Kan Ding1, Marzia Scortegagna, Robyn Seaman, David G Birch, Joseph A Garcia.   

Abstract

PURPOSE: To characterize ocular disease in HIF-2alpha-null mice.
METHODS: Histologic, electroretinographic (ERG), and molecular studies were performed on samples obtained from age- and gender-matched HIF-2alpha-null (HIF-2alpha-KO), HIF-2alpha-heterozygous (HIF-2alpha-HET), and wild-type (WT) littermate mice.

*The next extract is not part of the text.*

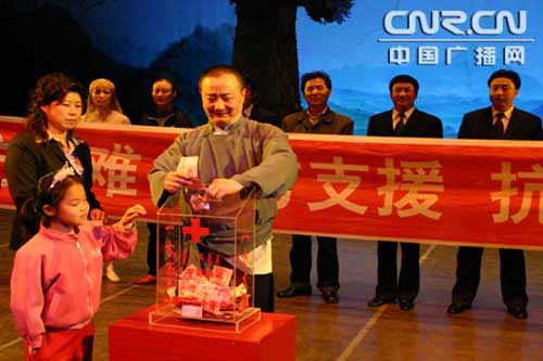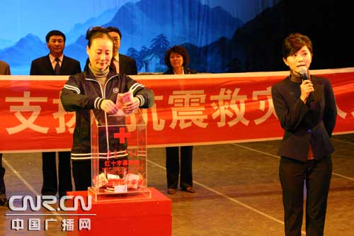 正式的捐款儀式在演出中場開始,演員們放棄了休息時間,為四川災(zāi)區(qū)籌集善款。現(xiàn)場觀眾也再次為四川災(zāi)區(qū)施以援手,有很多捐款的觀眾都讓自己的孩子親手將善款放進(jìn)“ 愛心箱”,她們說,“帶孩子來看芭蕾舞是為讓她們受到藝術(shù)的熏陶,但更應(yīng)該讓孩子有一顆懂得愛的心!币晃恍∨笥褜χ捦灿弥赡鄣穆曇粽f:“那里的小朋友正可憐,都被壓在房子下面了!

RESULTS: HIF-2alpha-KO mice exhibited marked thinning of the retina and abnormal retinal vasculature. The pathologic changes in HIF-2alpha-KO mice were associated with a virtual absence of postreceptor function. The expression of a surrogate marker for HIF-2alpha mRNA localized to vascular endothelial, amacrine, and retinal pigment epithelial (RPE) cells. Several HIF-2alpha target genes involved in angiogenesis, retinal protection, and stress responses have altered expression patterns in HIF-2alpha-KO retinas.

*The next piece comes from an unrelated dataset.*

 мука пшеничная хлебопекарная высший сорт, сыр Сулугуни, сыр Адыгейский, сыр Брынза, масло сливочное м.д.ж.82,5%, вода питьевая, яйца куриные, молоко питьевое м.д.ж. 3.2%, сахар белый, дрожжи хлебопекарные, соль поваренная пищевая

CONCLUSIONS: HIF-2alpha-KO mice exhibit marked retinopathy consistent with complete loss of vision by 1 month of age. Impaired HIF-2alpha signaling in HIF-2alpha-KO mice likely produces functional deficits in cell types in which HIF-2alpha normally is expressed, ultimately resulting in retinopathy. Future studies will address whether the molecular abnormalities described in this study are directly responsible for the retinal disease in HIF-2alpha-KO mice.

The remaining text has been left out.